Novel by Australian writer Jennifer Down

Bodies of Light (2021) is a novel by Australian writer Jennifer Down.

It won the 2022 Miles Franklin Award, and was shortlisted for the 2022 Voss Literary Prize, the 2022 Stella Prize, the 2022 Barbara Jefferis Award, the 2022 Age Book of the Year Award, the 2022 Davitt Award for Best Adult Crime Novel, and the 2022 Victorian Premier's Literary Award for Fiction.

==Abstract==
According to Austlit:'A quiet, small-town existence. An unexpected Facebook message, jolting her back to the past. A history she's reluctant to revisit- dark memories and unspoken trauma, bruised thighs and warning knocks on bedroom walls, unfathomable loss.

She became a new person a long time ago. What happens when buried stories are dragged into the light?

This epic novel from the two-time Sydney Morning Herald Young Novelist of the Year is a masterwork of tragedy and heartbreak-the story of a life in full. Sublimely wrought in devastating detail, Bodies of Light confirms Jennifer Down as one of the writers defining her generation.

==Critical reception==
In The Guardian Declan Fry concludes: "Bodies of Light is a remarkably empathic book, a bildungsroman in the mode of Jane Eyre or Of Human Bondage. Its characters are credibly invested with hopes, convictions, dreams, and desires."

Susan Midalia in the Australian Book Review notes that the book "is both much more ambitious in scope than her first and an altogether more harrowing read. Spanning the years from 1975 to 2018, and traversing many different locations in Australia, New Zealand, and America, the novel confronts us with child sexual abuse, a suicide attempt, a series of fractured relationships, allegations of infanticide, recurring social alienation, and a serious drug addiction.

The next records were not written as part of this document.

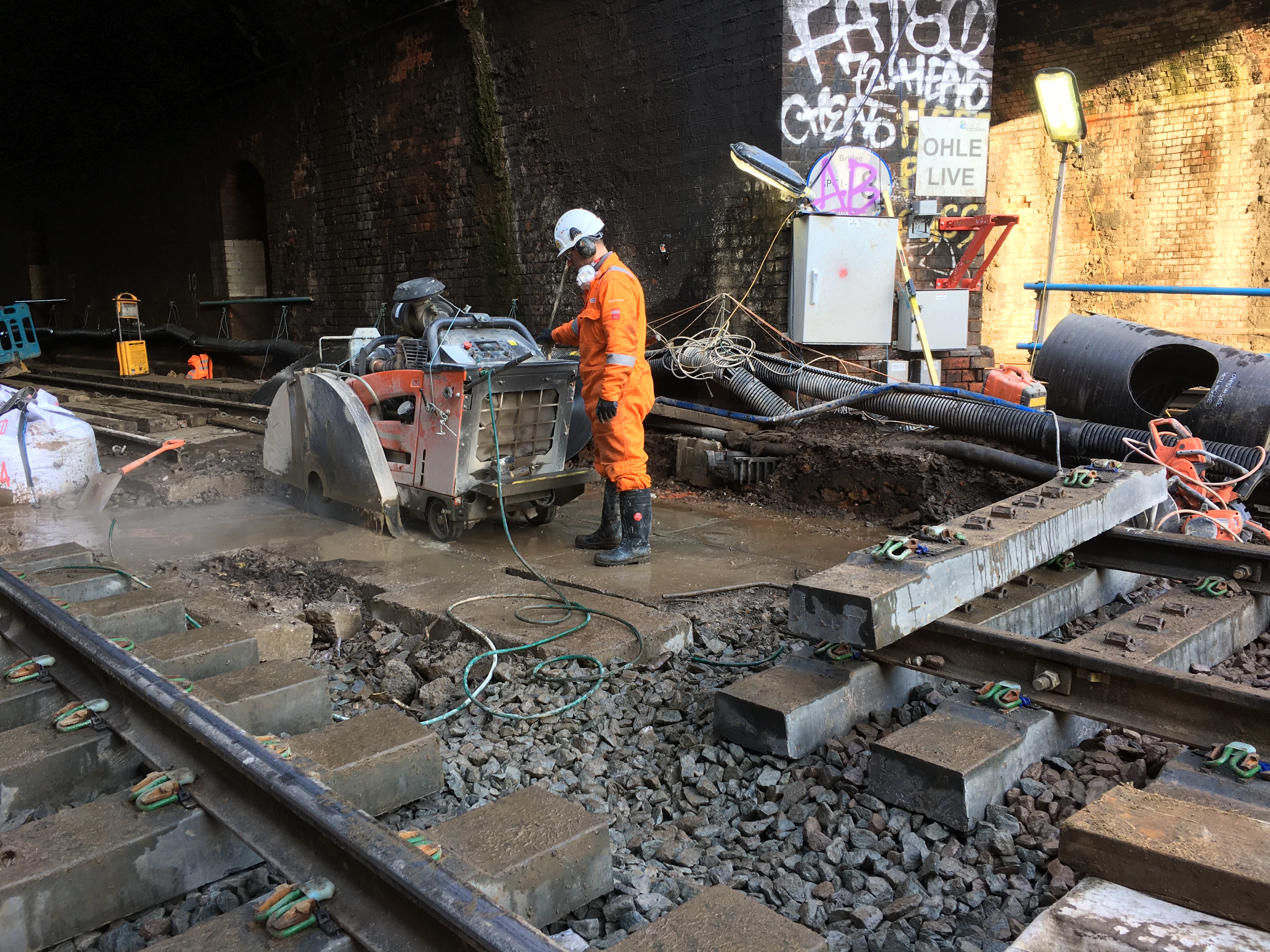 Slab track renewal taking place at Kentish Town, Camden, on 28 December 2017 (3)
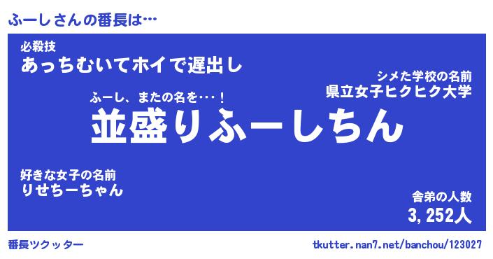 | ヒーロー風カッコイイあだ名 | 『スーパーフーシ』『ウルトラふーしマン』 |
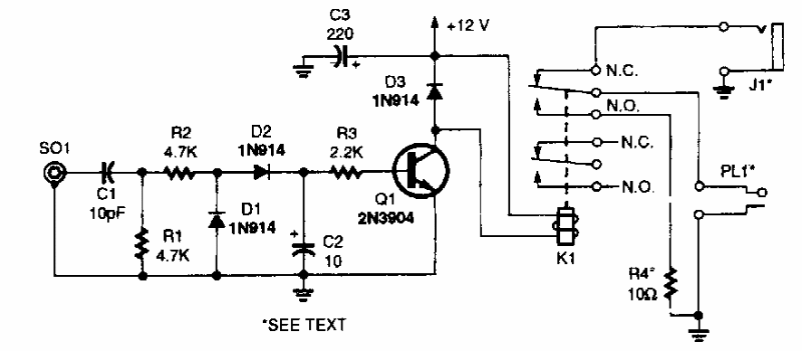 This circuit was found in a Popular Electronics from the 90s. Its purpose is to disable the output of an FM or VHF receiver between stations, preventing the reproduction of hiss.
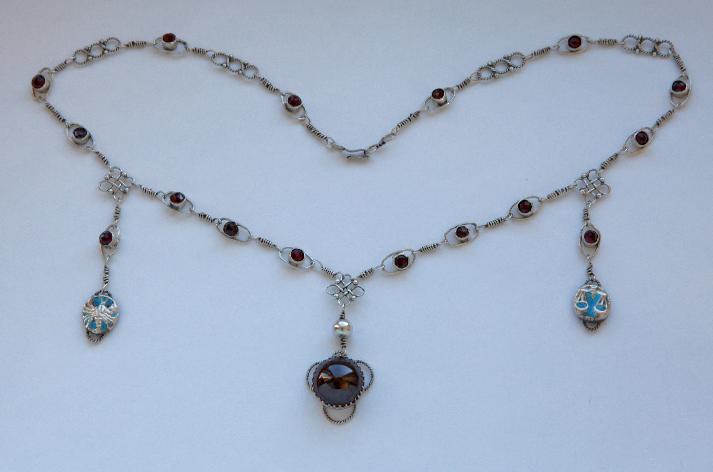Scorpio and Libra are the birth signs of John and Nancy Bonnor and appear together in many of their necklaces including the St Wenefride Necklace that we sold to the Museum of Wales, Archive Ref: 8151.
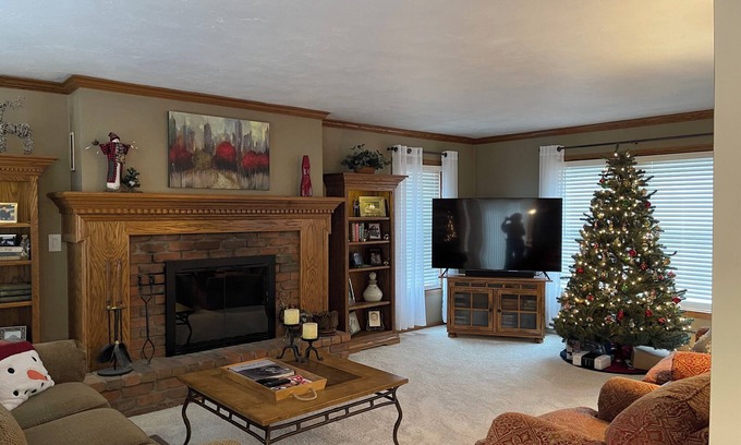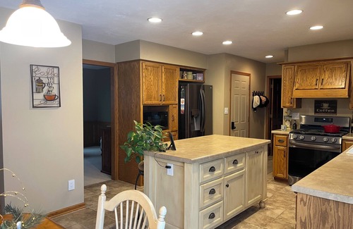 This 4-bedroom house in De Pere is perfect for your escape. With 2 full beds and 2 queen beds, it's an excellent choice for families or groups. Enjoy the convenience of amenities like a hair dryer, washing machine, AC, iron, and WiFi. The 4 bathrooms with showers and hair dryers make getting ready a breeze. We'll be available to answer any questions while you stay at our place. Large living room, den, large kitchen and deck outside kitchen. TV room, Bar area and 1 bedroom and full bath in finished basement.
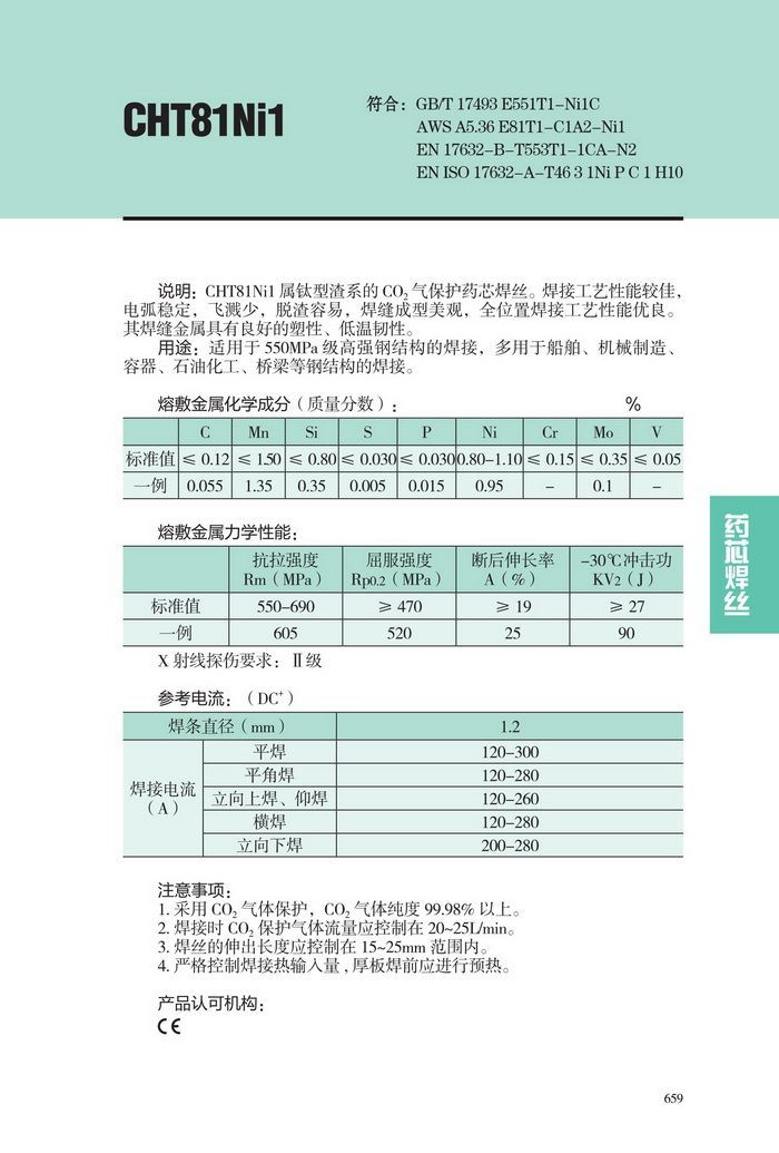 说明:CHT81Ni1属于钛型渣系的CO2气保护药芯焊丝,焊接工艺性能较佳。电弧稳定,飞溅少,脱渣容易,焊缝成型美观,全位置焊接工艺性能优良。其焊缝金属具有良好的塑性,低温韧性。
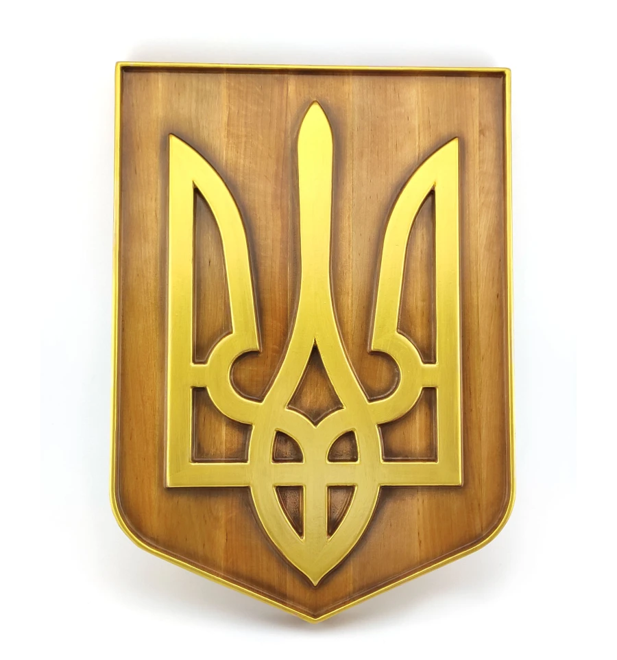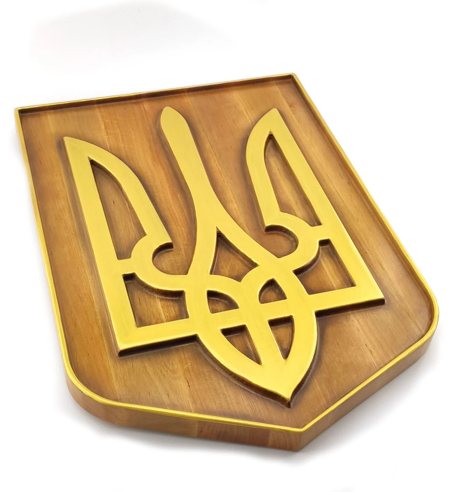 Панно «Герб Украины» (39×28×2.4 см), из натурального дерева, резное, покрыто патиной, лаком, эмалью-золото
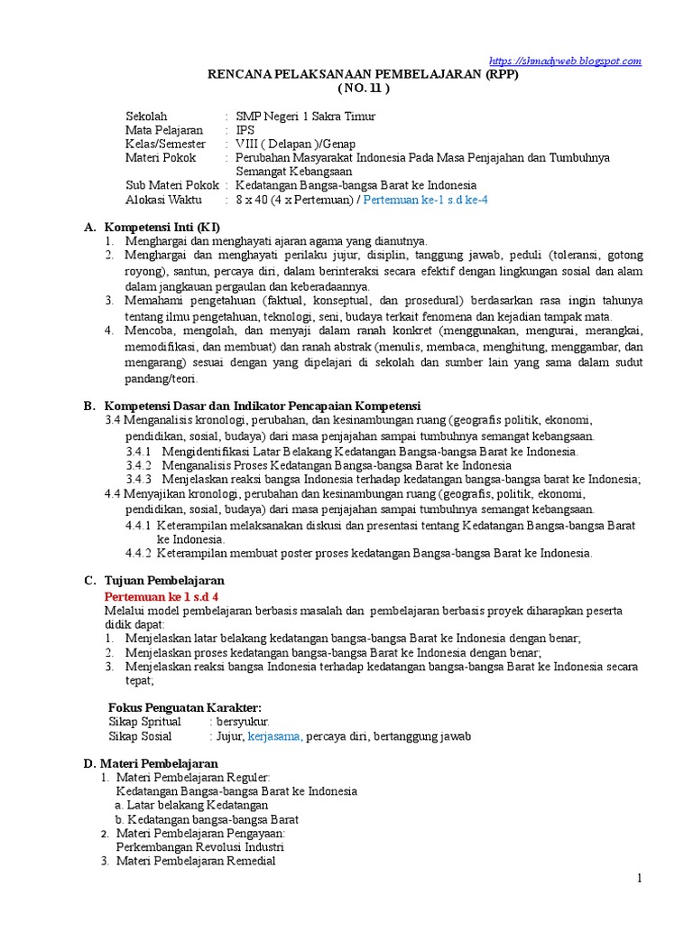RPP 11 K-13 IPS Kelas 8 Kedatangan Bangsa-bangsa Barat Ke Indonesia
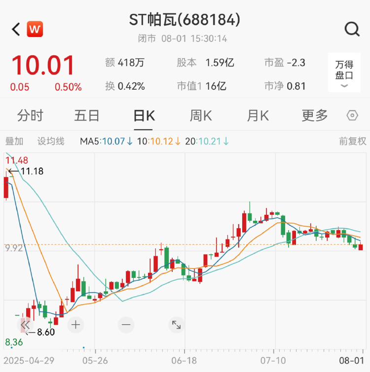 截至8月1日收盘,ST帕瓦股价报10.01元/股,总市值为16亿元。

But it is also, and mercifully, a story of a woman’s remarkable resilience, the possibility of human kindness, and the necessity of hope. Bodies of Light thus has affinities with the feminist Bildungsroman popularised in the 1960s and 1970s; a genre that championed a belief in productive self-fashioning by women in the face of systemic misogynistic oppression....Bodies of Light is at its most thought-provoking and emotionally engaging when it pauses in the rush of events to represent the intensity of Maggie’s psychological and bodily experiences."